▶ **What is required**: Your task is to copy exactly the lines from the line containing "ตำบลบ่อสวก อำเภอเมืองน่าน จังหวัดน่าน" through the end of the listing below, with pictures left out.

━━━━━━━━

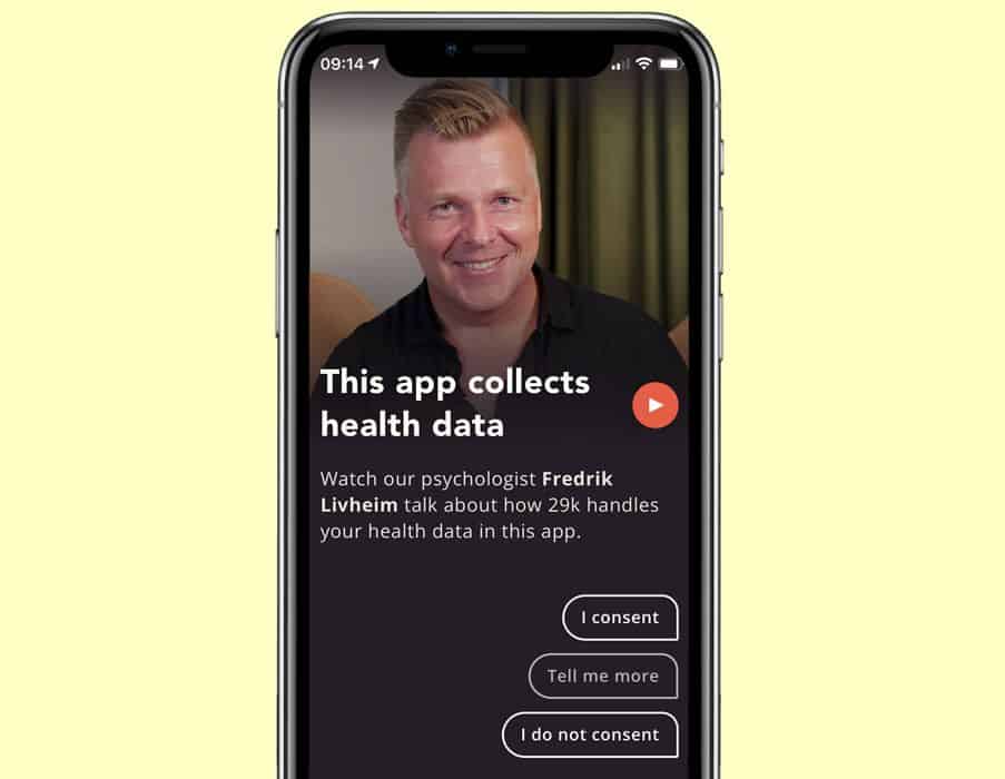 One of the first steps you take with 29k is giving your informed consent to participate and voluntarily share your data with the app.
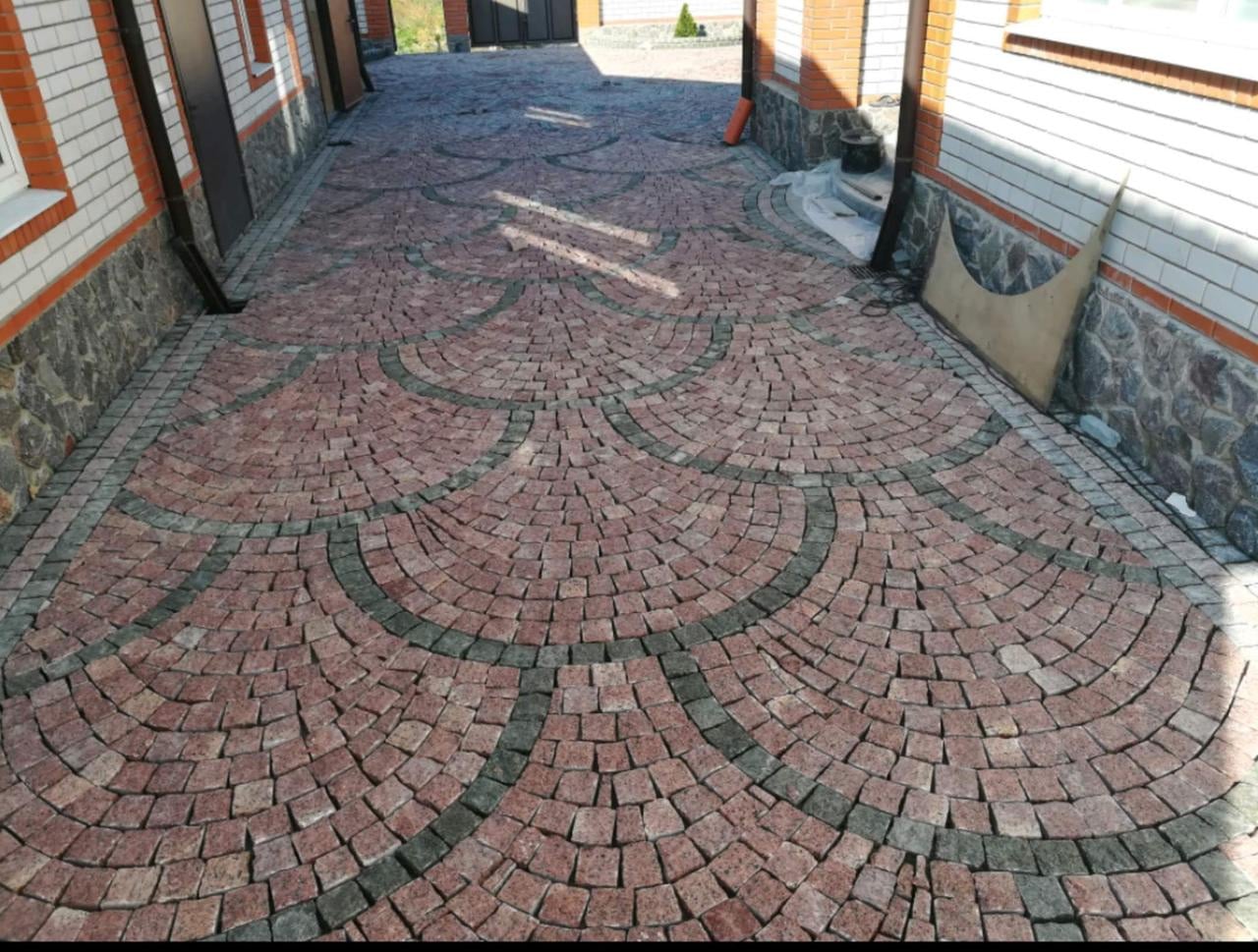 Розміри: 10*10*5 см, 10*10*10 см Гранітна бруківка — це один із найбільш міцних і довговічних матеріалів для мощення. Вона виготовляється з натурального каменю. Здебільшого має форму паралелепіпеда або куба. Колота покращена брусковина Або як її ще називають — "поліпшена", має дві бокові рівні грані. Вона трохи дорожча, ніж колота брусчатка, проте завдяки рівним сторонам укладається з меншим швом і дотриманням лінії. Водночас такий різновид брусчатки набагато дешевший за пиляльну. Тому її часто застосовують для укладання на великих територіях. Для створення колотих поверхонь використовується звичайний прес, а для гладких — алмазна пила. Компанія "Граніт Поліс" є виробником виробів із граніту та використовує своє власне обладнання. Отже, ми можемо гарантувати високу якість усієї товарної лінійки та помірну ціну. Покостівський граніт Брусчатка — це матеріал, який використовується для мощення доріг. Тому для її виготовлення застосовуються тільки найміцніші породи граніту. Однією з них є Покостування. Вона має цілу низку переваг — високу міцність, зносостійкість, стійкість до температур і вітру. Брусчатка з Покостового граніту, крім іншого, не вимагає особливого догляду, що робить її дуже практичною.
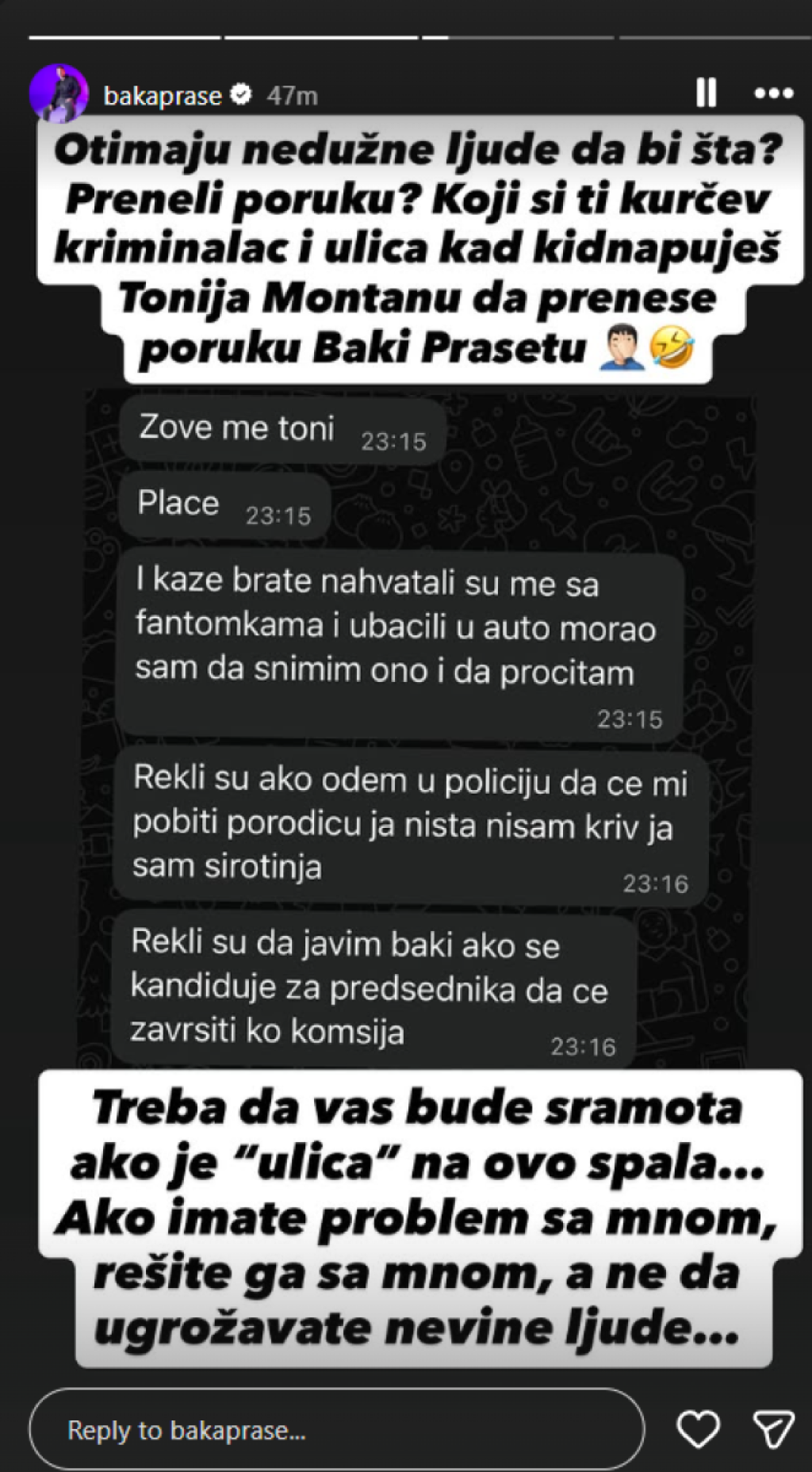 "Ovim ljudima nije jasno da otimaju nedužne ljude samo da bi preneli poruku? Koji si ti kriminalac i 'ulica' kad kidnapuješ Tonija Montanu da prenese poruku Baki Praseu. Treba da vas bude sramota ako je 'ulica' na ovo spala. Ako imate problem sa mnom, rešite ga sa mnom, a ne da ugrožavate nevine ljude."
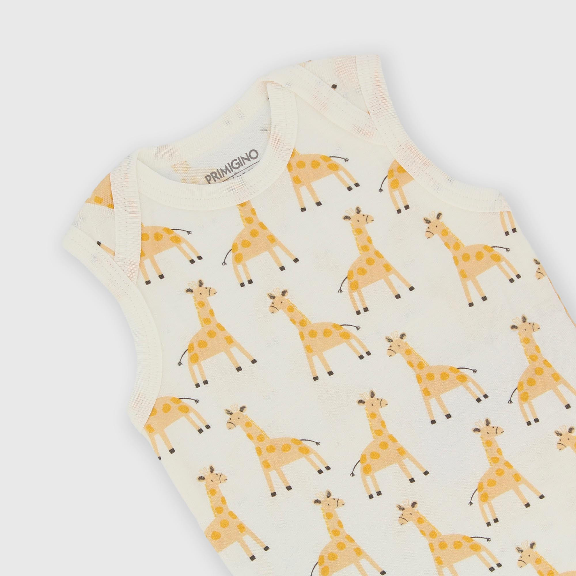 Боди с круглым вырезом и проймами. Застёжка на кнопки снизу. Сплошной принт.
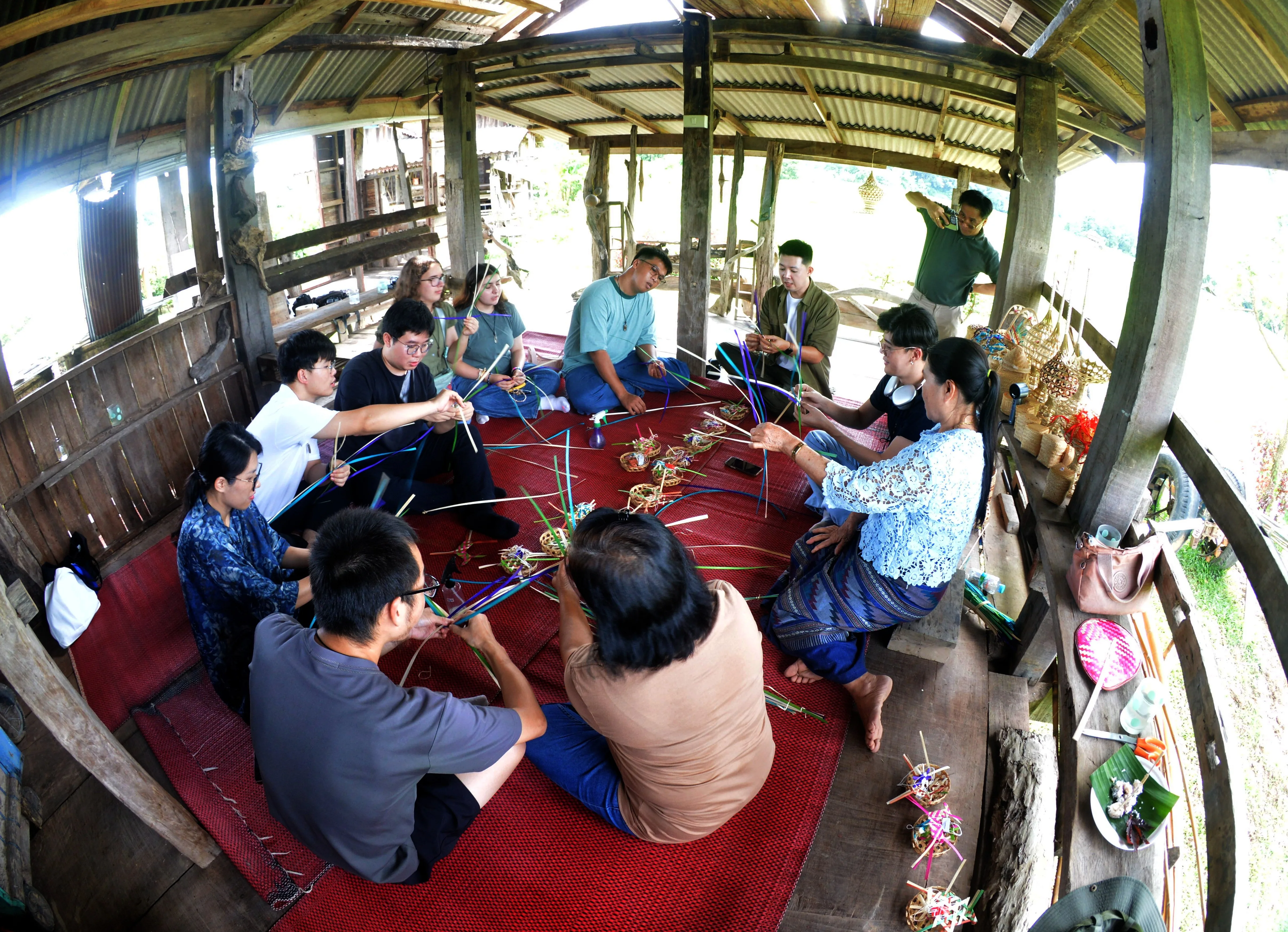 สถานที่สุดท้ายของทริปนี้ไปกันที่ “ต้งชมจันทร์” ของ พ่อย่า และแม่จันตา จ๋อยพรม สัมผัสวิถีชีวิต เรียนรู้ภูมิปัญญา และวัฒนธรรมพื้นบ้าน เติมเต็มประสบการณ์การท่องเที่ยวใหม่ในวิถีพอเพียง ร่วมเรียนรู้การจักสานของ “กลุ่มวิสาหกิจชุมชนจักสานบ้านต้าม” จากแม่ครูทั้ง 2 ท่านในการจักสานในรูปแบบม้า และ ต๋าแหลว หรือ ตาเหลว เป็นเครื่องจักสานชนิดหนึ่งทำจากตอกหนึ่งก้านที่หักไปมาเป็นแฉก เครื่องหมายพิธีกรรมแห่งล้านนา จากนั้นร่วมทำกิจกรรมเก็บผักพื้นบ้านตามฤดูกาล ยกยอ ตกปลา และทำอาหารเย็นร่วมกันในแบบอยากกินก็ทำในตัวเราเอง เลือกซื้อผลิตภัณฑ์ชุมชน ได้แก่ มะขามแช่อิ่ม ข้าวไรซ์เบอรี่ ปลูกจากที่นาของบ้านนี่เอง ณ บ้านต้งชมจันทร์ ตำบลบ่อสวก อำเภอเมืองน่าน จังหวัดน่าน
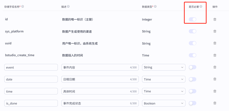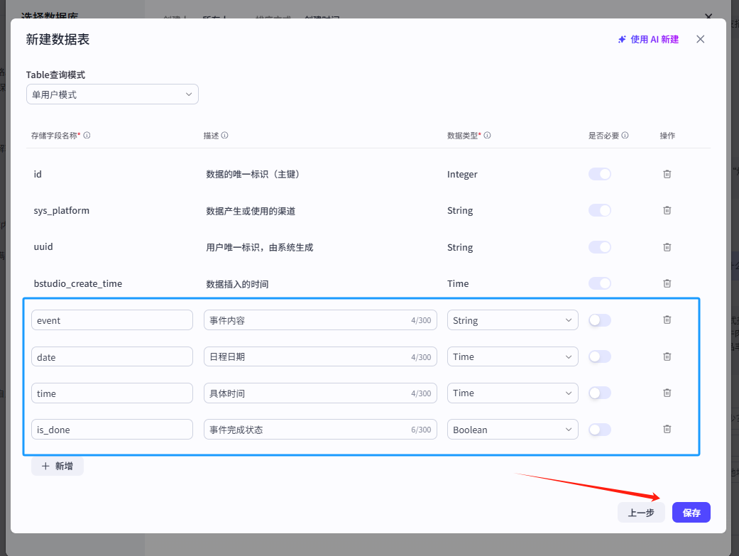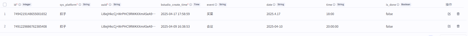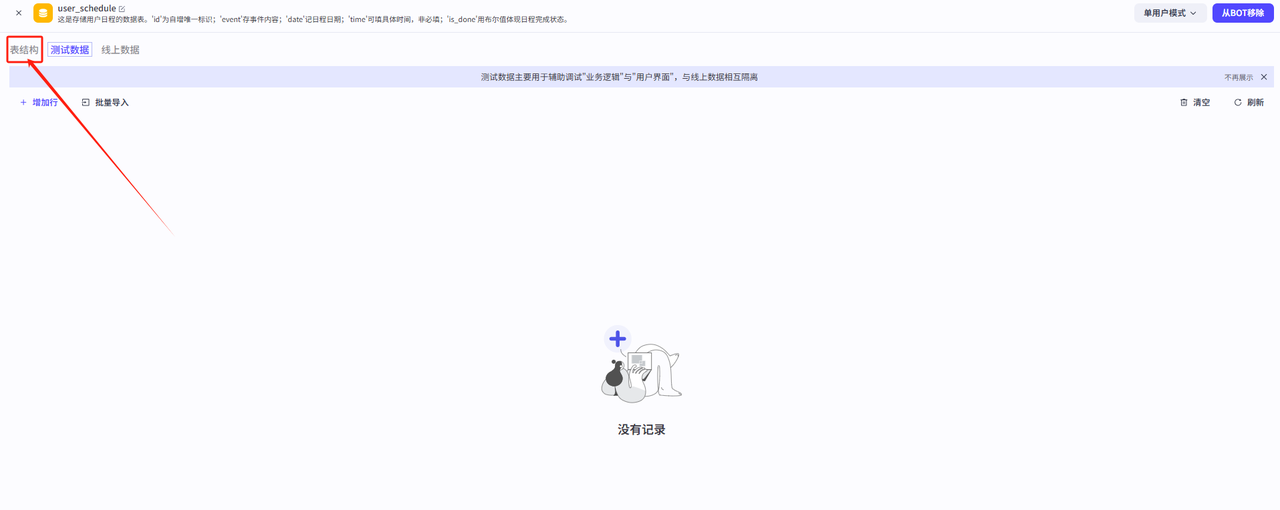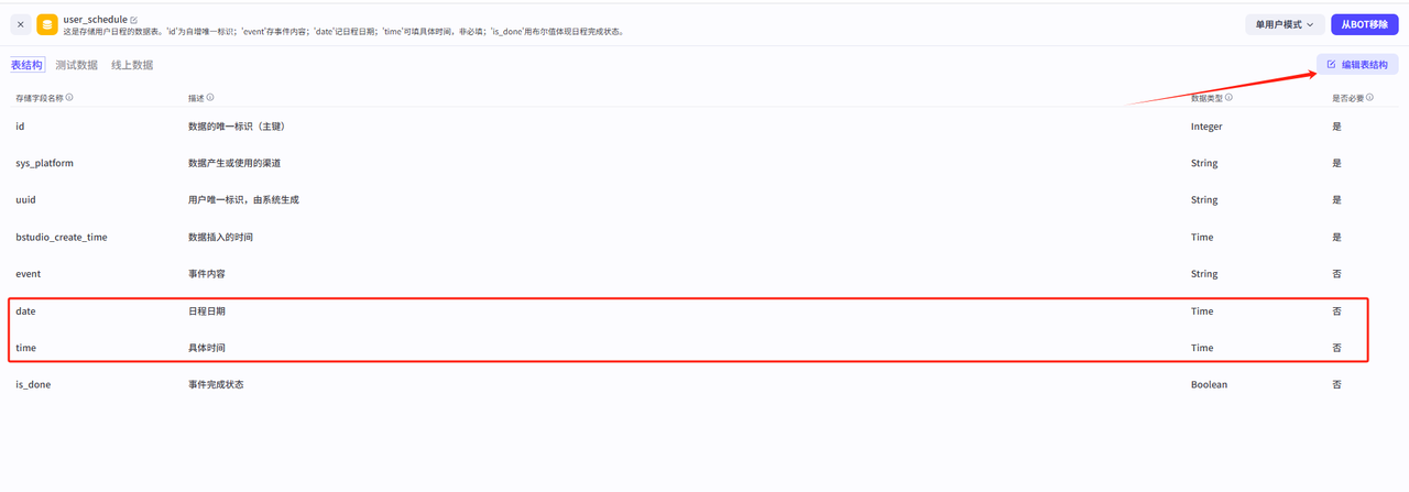 这里需要再说一下,由于我们只需要记录这个使用智能体的X用户的日程,所以生成表格中的用户标识是可以去掉的,这部分在后面的Table查询模式给大家详细介绍为什么
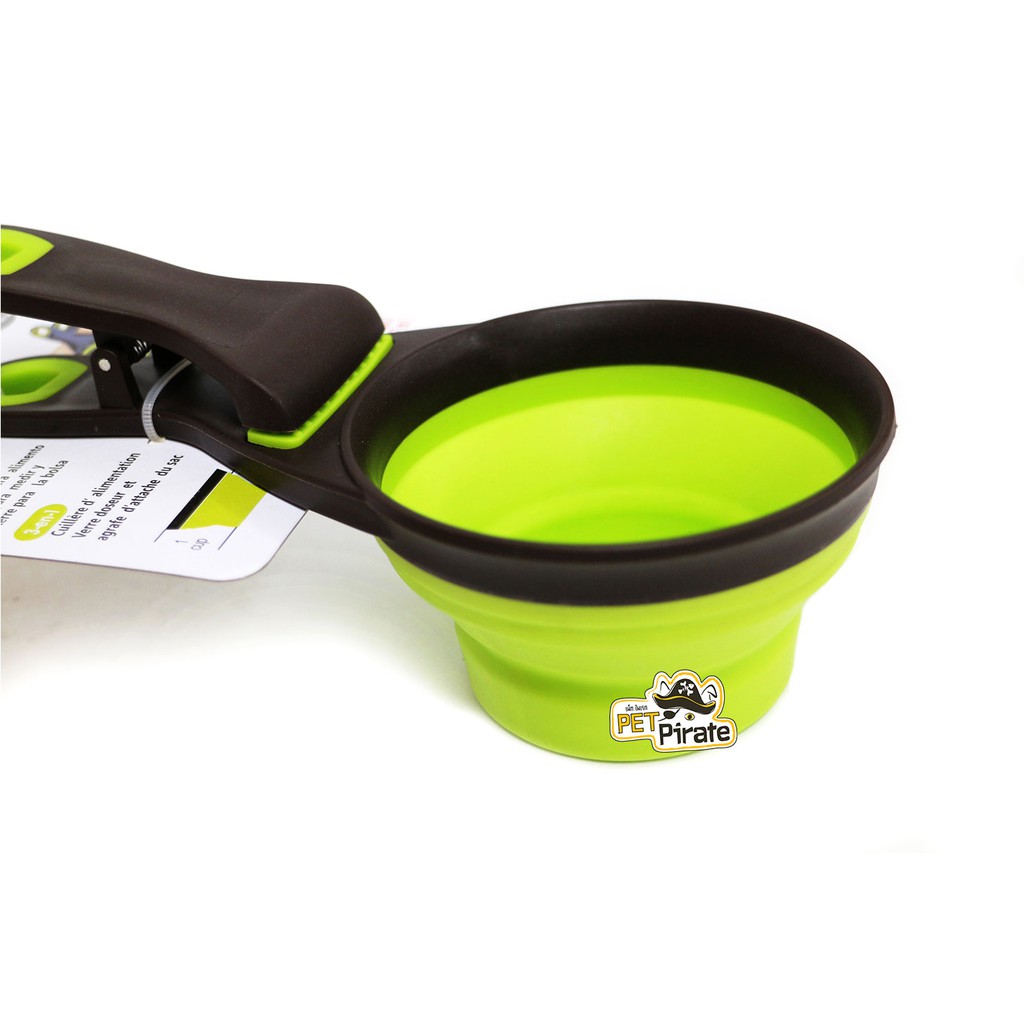 คลิปหนีบถุงอาหารพร้อมช้อนตักพับแบนได้ - เป็นถ้วยวัดตวงสำหรับการควบคุมปริมาณอาหารที่ให้กับสัตว์เลี้ยง

━━━━━━━━

▶ **Answer section**:
 สถานที่สุดท้ายของทริปนี้ไปกันที่ “ต้งชมจันทร์” ของ พ่อย่า และแม่จันตา จ๋อยพรม สัมผัสวิถีชีวิต เรียนรู้ภูมิปัญญา และวัฒนธรรมพื้นบ้าน เติมเต็มประสบการณ์การท่องเที่ยวใหม่ในวิถีพอเพียง ร่วมเรียนรู้การจักสานของ “กลุ่มวิสาหกิจชุมชนจักสานบ้านต้าม” จากแม่ครูทั้ง 2 ท่านในการจักสานในรูปแบบม้า และ ต๋าแหลว หรือ ตาเหลว เป็นเครื่องจักสานชนิดหนึ่งทำจากตอกหนึ่งก้านที่หักไปมาเป็นแฉก เครื่องหมายพิธีกรรมแห่งล้านนา จากนั้นร่วมทำกิจกรรมเก็บผักพื้นบ้านตามฤดูกาล ยกยอ ตกปลา และทำอาหารเย็นร่วมกันในแบบอยากกินก็ทำในตัวเราเอง เลือกซื้อผลิตภัณฑ์ชุมชน ได้แก่ มะขามแช่อิ่ม ข้าวไรซ์เบอรี่ ปลูกจากที่นาของบ้านนี่เอง ณ บ้านต้งชมจันทร์ ตำบลบ่อสวก อำเภอเมืองน่าน จังหวัดน่าน
 这里需要再说一下,由于我们只需要记录这个使用智能体的X用户的日程,所以生成表格中的用户标识是可以去掉的,这部分在后面的Table查询模式给大家详细介绍为什么
 คลิปหนีบถุงอาหารพร้อมช้อนตักพับแบนได้ - เป็นถ้วยวัดตวงสำหรับการควบคุมปริมาณอาหารที่ให้กับสัตว์เลี้ยง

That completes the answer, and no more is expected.